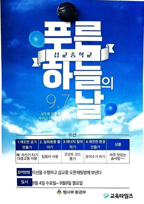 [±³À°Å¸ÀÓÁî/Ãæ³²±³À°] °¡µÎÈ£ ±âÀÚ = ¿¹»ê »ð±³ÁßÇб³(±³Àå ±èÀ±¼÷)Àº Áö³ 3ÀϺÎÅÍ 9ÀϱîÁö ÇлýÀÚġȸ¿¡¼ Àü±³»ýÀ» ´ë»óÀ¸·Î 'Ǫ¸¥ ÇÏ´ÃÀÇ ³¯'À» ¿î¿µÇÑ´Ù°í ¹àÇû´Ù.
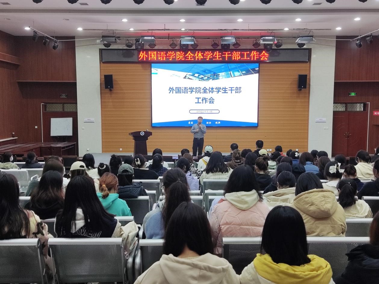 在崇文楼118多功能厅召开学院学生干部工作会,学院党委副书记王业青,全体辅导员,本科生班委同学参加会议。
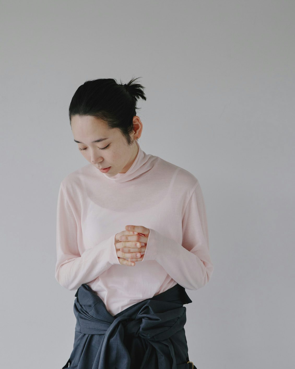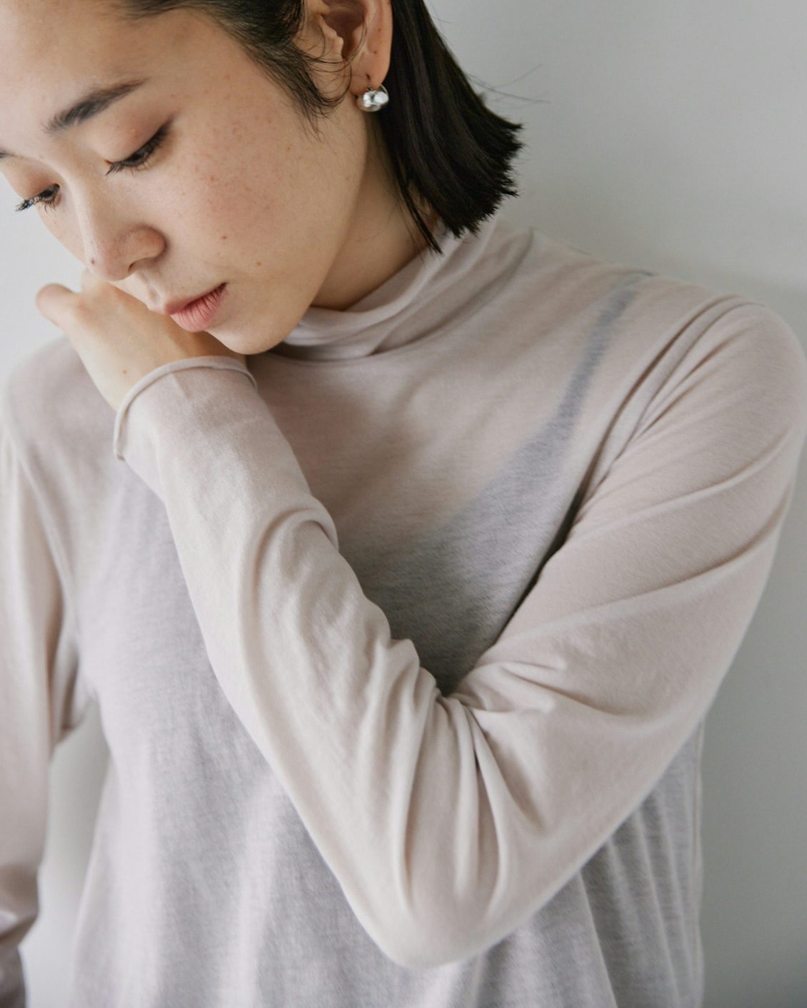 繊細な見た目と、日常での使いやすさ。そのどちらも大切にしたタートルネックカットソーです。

# About this task
Could the lines above be copied out exactly, with no image carried over?

# Answer for the task
 [±³À°Å¸ÀÓÁî/Ãæ³²±³À°] °¡µÎÈ£ ±âÀÚ = ¿¹»ê »ð±³ÁßÇб³(±³Àå ±èÀ±¼÷)Àº Áö³ 3ÀϺÎÅÍ 9ÀϱîÁö ÇлýÀÚġȸ¿¡¼ Àü±³»ýÀ» ´ë»óÀ¸·Î 'Ǫ¸¥ ÇÏ´ÃÀÇ ³¯'À» ¿î¿µÇÑ´Ù°í ¹àÇû´Ù.
 在崇文楼118多功能厅召开学院学生干部工作会,学院党委副书记王业青,全体辅导员,本科生班委同学参加会议。
 繊細な見た目と、日常での使いやすさ。そのどちらも大切にしたタートルネックカットソーです。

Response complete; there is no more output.